* [THE DATA]:
-- Opening Marker --
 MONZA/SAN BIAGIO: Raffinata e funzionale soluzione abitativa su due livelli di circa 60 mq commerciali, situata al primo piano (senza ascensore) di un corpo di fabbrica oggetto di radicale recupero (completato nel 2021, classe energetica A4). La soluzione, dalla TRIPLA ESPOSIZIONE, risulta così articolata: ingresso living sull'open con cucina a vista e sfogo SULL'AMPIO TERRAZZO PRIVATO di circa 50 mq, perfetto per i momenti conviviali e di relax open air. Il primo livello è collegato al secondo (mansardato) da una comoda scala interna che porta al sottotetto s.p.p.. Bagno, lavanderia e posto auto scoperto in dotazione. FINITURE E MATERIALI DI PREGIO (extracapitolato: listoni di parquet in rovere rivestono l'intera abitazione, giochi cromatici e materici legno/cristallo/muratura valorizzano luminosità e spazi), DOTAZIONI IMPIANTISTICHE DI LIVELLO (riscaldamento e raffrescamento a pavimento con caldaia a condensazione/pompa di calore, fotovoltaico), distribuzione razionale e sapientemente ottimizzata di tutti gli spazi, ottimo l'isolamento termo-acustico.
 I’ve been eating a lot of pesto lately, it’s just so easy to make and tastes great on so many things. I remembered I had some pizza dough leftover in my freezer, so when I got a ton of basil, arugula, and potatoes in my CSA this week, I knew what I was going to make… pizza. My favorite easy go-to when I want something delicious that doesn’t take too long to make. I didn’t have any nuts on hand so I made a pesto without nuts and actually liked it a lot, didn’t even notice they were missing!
-- Closing Marker --
-- Opening Marker --
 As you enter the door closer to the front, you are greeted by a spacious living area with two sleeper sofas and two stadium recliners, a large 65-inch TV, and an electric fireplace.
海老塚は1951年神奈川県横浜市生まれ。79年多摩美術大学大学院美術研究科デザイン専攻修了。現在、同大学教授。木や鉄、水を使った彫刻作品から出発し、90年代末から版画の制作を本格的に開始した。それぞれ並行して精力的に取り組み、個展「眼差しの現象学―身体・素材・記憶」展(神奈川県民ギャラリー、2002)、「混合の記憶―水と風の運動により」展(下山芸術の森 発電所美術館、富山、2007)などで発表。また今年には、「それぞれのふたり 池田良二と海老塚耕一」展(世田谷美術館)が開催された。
-- Closing Marker --
Output, from the data above, the lines from the line with "MONZA/SAN BIAGIO: Raffinata" to the line with "I’ve been eating" exactly as they stand, both ends included and nothing else.

 MONZA/SAN BIAGIO: Raffinata e funzionale soluzione abitativa su due livelli di circa 60 mq commerciali, situata al primo piano (senza ascensore) di un corpo di fabbrica oggetto di radicale recupero (completato nel 2021, classe energetica A4). La soluzione, dalla TRIPLA ESPOSIZIONE, risulta così articolata: ingresso living sull'open con cucina a vista e sfogo SULL'AMPIO TERRAZZO PRIVATO di circa 50 mq, perfetto per i momenti conviviali e di relax open air. Il primo livello è collegato al secondo (mansardato) da una comoda scala interna che porta al sottotetto s.p.p.. Bagno, lavanderia e posto auto scoperto in dotazione. FINITURE E MATERIALI DI PREGIO (extracapitolato: listoni di parquet in rovere rivestono l'intera abitazione, giochi cromatici e materici legno/cristallo/muratura valorizzano luminosità e spazi), DOTAZIONI IMPIANTISTICHE DI LIVELLO (riscaldamento e raffrescamento a pavimento con caldaia a condensazione/pompa di calore, fotovoltaico), distribuzione razionale e sapientemente ottimizzata di tutti gli spazi, ottimo l'isolamento termo-acustico.
 I’ve been eating a lot of pesto lately, it’s just so easy to make and tastes great on so many things. I remembered I had some pizza dough leftover in my freezer, so when I got a ton of basil, arugula, and potatoes in my CSA this week, I knew what I was going to make… pizza. My favorite easy go-to when I want something delicious that doesn’t take too long to make. I didn’t have any nuts on hand so I made a pesto without nuts and actually liked it a lot, didn’t even notice they were missing!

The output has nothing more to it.